We had a break in the weather and I thought I would take the opportunity to dissolve some silver outside and make a run. It was only my third attempt to refine silver. 

I mechanically cleaned my pieces with pliers and then torched them to redness to remove waxes and whatnot. Was using a coffee pot and trying to follow the directions on I think, Kadrivers two part series (not sure, and its irrelevant) but was taking my time to go step by step. 

I placed the coffee pot in brown glassware that I had used with heat for at least ten years, and put that on the hotplate with coffee pot inside. Added the nitric.. then placed the temp between low and medium and went inside so I could observe the process. Could not have been 4 minutes and boom!! The glass catch pan shattered. The coffee pot was just below half full and the force of the explosion tilted it enough to spill about a full cup of the solution in the coffee pot. The coffee pot landed dead square on the hot plate, I couldn't have centered it better. I was lucky it didn't break the pot itself. I was even luckier I wasn't in the area. Turns out the catch pan was oven safe, and microwave safe, but not to be placed on a stove. 
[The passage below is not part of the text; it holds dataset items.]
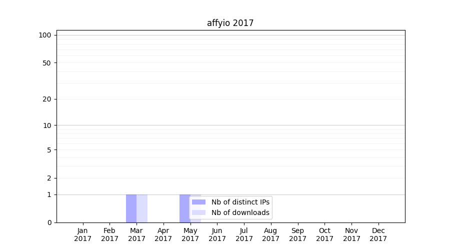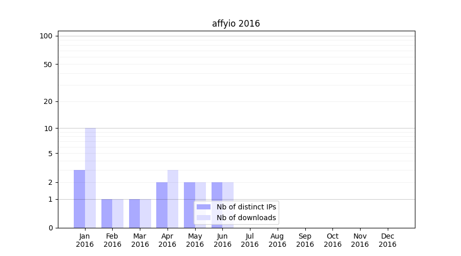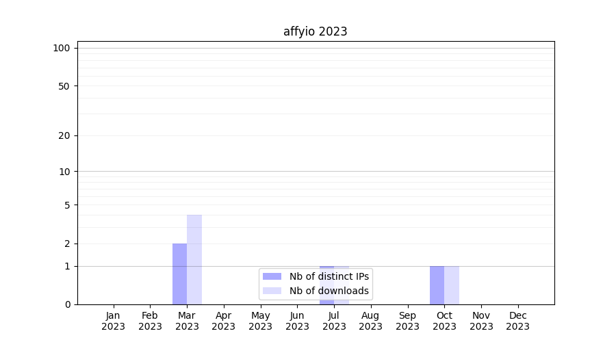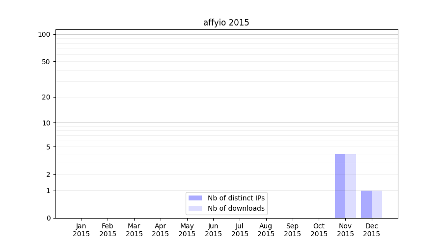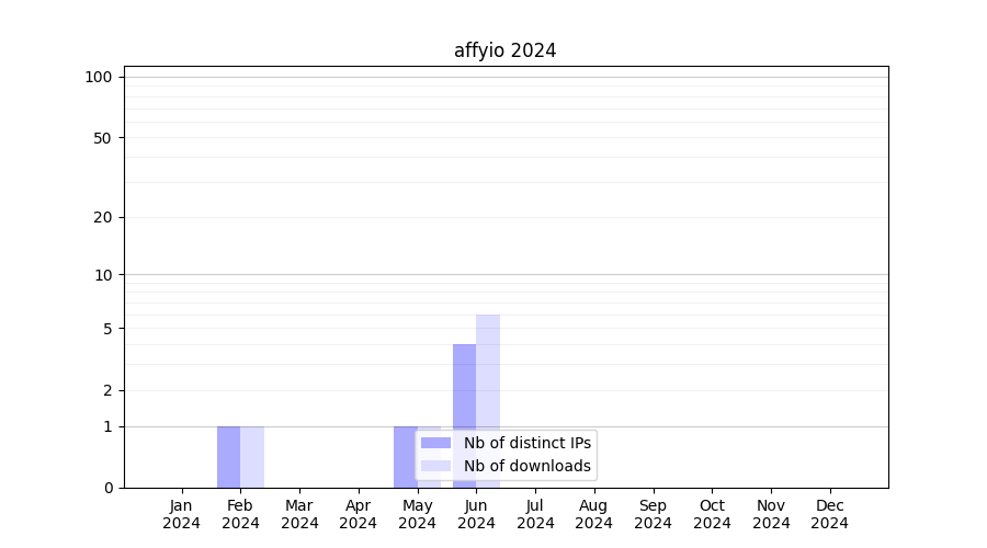Number of downloads for experiment package affyio, year by year, from 2025 back to 2014 (years with no downloads are omitted):
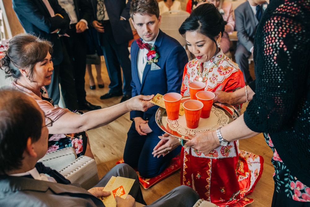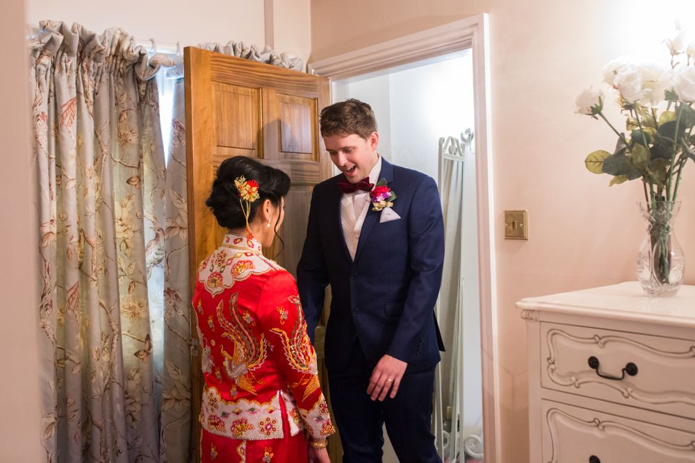 The day was unique as everything was organised from Australia. We had been carefully planning n organising everything for over a year and seeing it together was amazing. It was unique having our friends watch the Chinese wedding games and the tea ceremony as it brought my culture into an English wedding which they had not seen before. We visited the UK in February, 7 months before the wedding for two weeks and in that time frame, we had to make all wedding favours and decorations and also put the invites together. The wedding favours were salt dough thank you heart decorations that were individually handmade along with the origami decorations.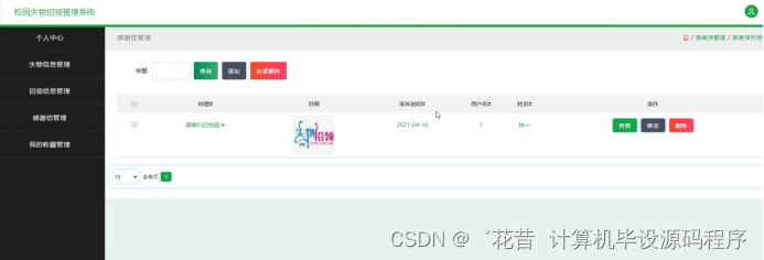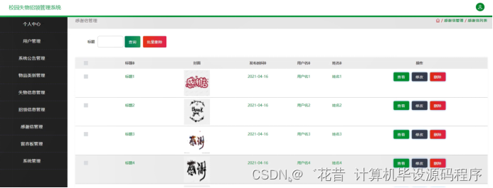 感谢信管理,在感谢信管理页面中可以对标题、封面、发布时间、用户名、姓名等信息进行查看、修改或删除等操作,如图4-13所示。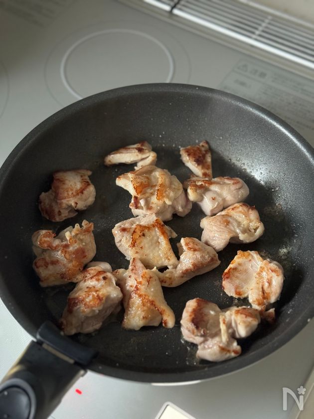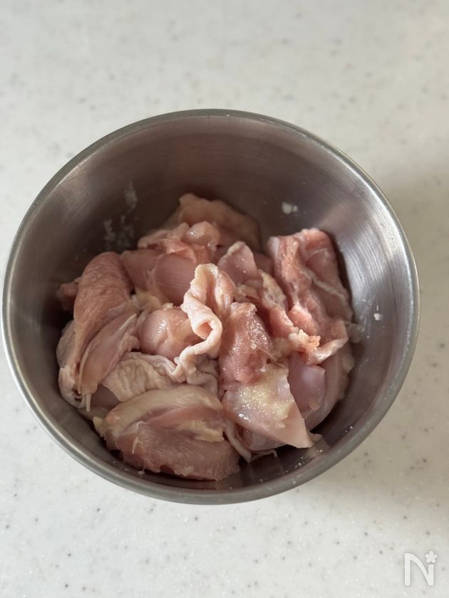 (1) 鶏もも肉はひと口大に切り、【A】をもみ込む。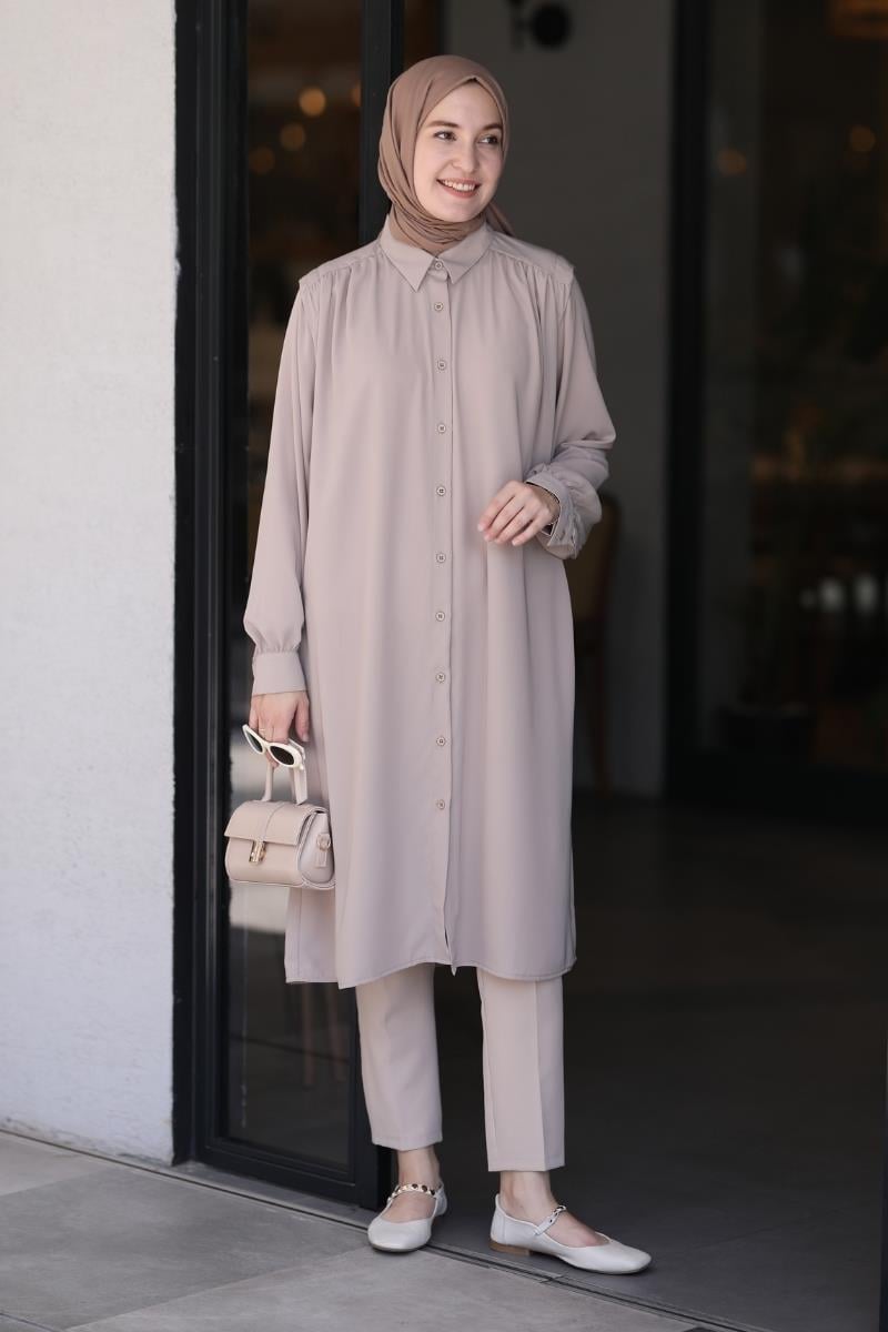 Özellikler • Tesettür Uyumlu: Bol ve uzun kesim, kapalı giyim kurallarına uygun • Konfor: Hafifliği sayesinde serin tutar; yaz akşamlarında veya ılık bahar/sonbahar günlerinde ideal. • Şıklık: Düğme kapamalı yalın ön tasarım, minimal ve sofistike bir görünüm sunar. • Bakımı: Muhtemelen düşük sıcaklıkta hassas yıkama – ütü ile hafif düzeltme önerilir.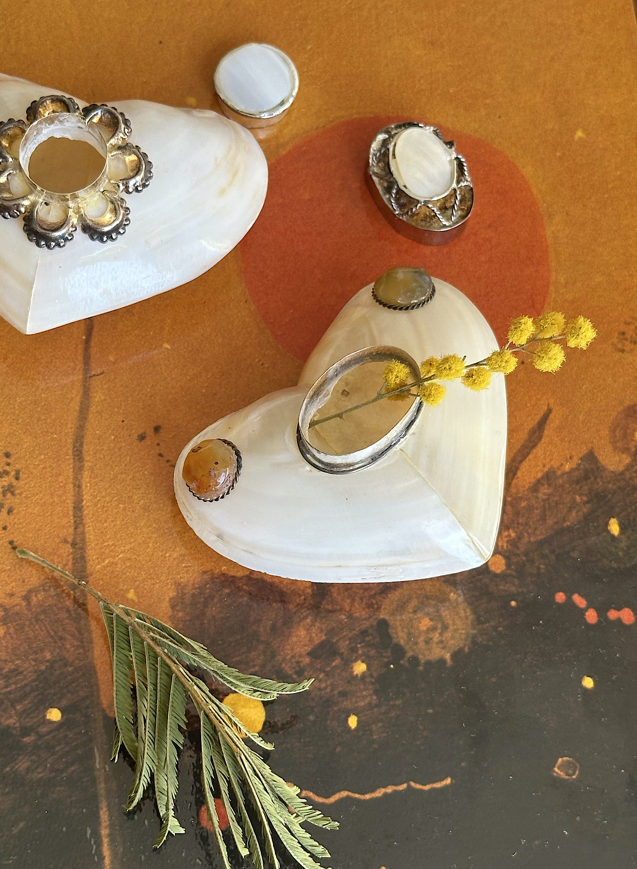 19세기 유럽의 로맨틱한 서사가 고스란히 담긴 이 앤틱 마더오브펄 박스는 자연이 준 고귀한 선물인 천연 자개를 정교한 하트 모양으로 다듬어 완성한 독보적인 피스입니다. 섬세한 수작업의 정수를 보여주는 중앙의 클로저를 열면 나타나는 내밀한 수납 공간은 소중한 작고 귀한 목걸이 등을 보관하기에 더할 나위 없이 완벽하며, 100년이 넘는 세월 동안 간직해온 은은한 무지갯빛 광택은 인위적인 공예품으로는 결코 흉내 낼 수 없는 자연 그대로의 아름다움과 장인의 숨결을 동시에 느끼게 해줍니다. 손안에 쏙 들어오는 사랑스러운 크기와 하트 모티프가 주는 낭만적인 분위기 덕분에 화장대 위의 품격 있는 오브제로서뿐만 아니라 사랑하는 마음을 전하는 가장 고전적이고도 특별한 선물로도 손색이 없으며, 시간이 흐를수록 그 가치를 더해가는 19세기 앤틱만의 깊이 있는 아우라를 소유할 수 있는 단 한 번의 기회를 놓치지 마세요.

I was a bit hesitant to share this because I am new and its embarrassing to admit. It rattled me somewhat and made me realize my inexperience. 

I haven't really searched, but I haven't seen to many posts about mistakes or accidents that can happen so I thought I would share. Hoping you guys don't think I am haphazard because I really am trying not to rush and learn all I can. Maybe it was a blessing to happen so early, I don't know...but it sure got my attention.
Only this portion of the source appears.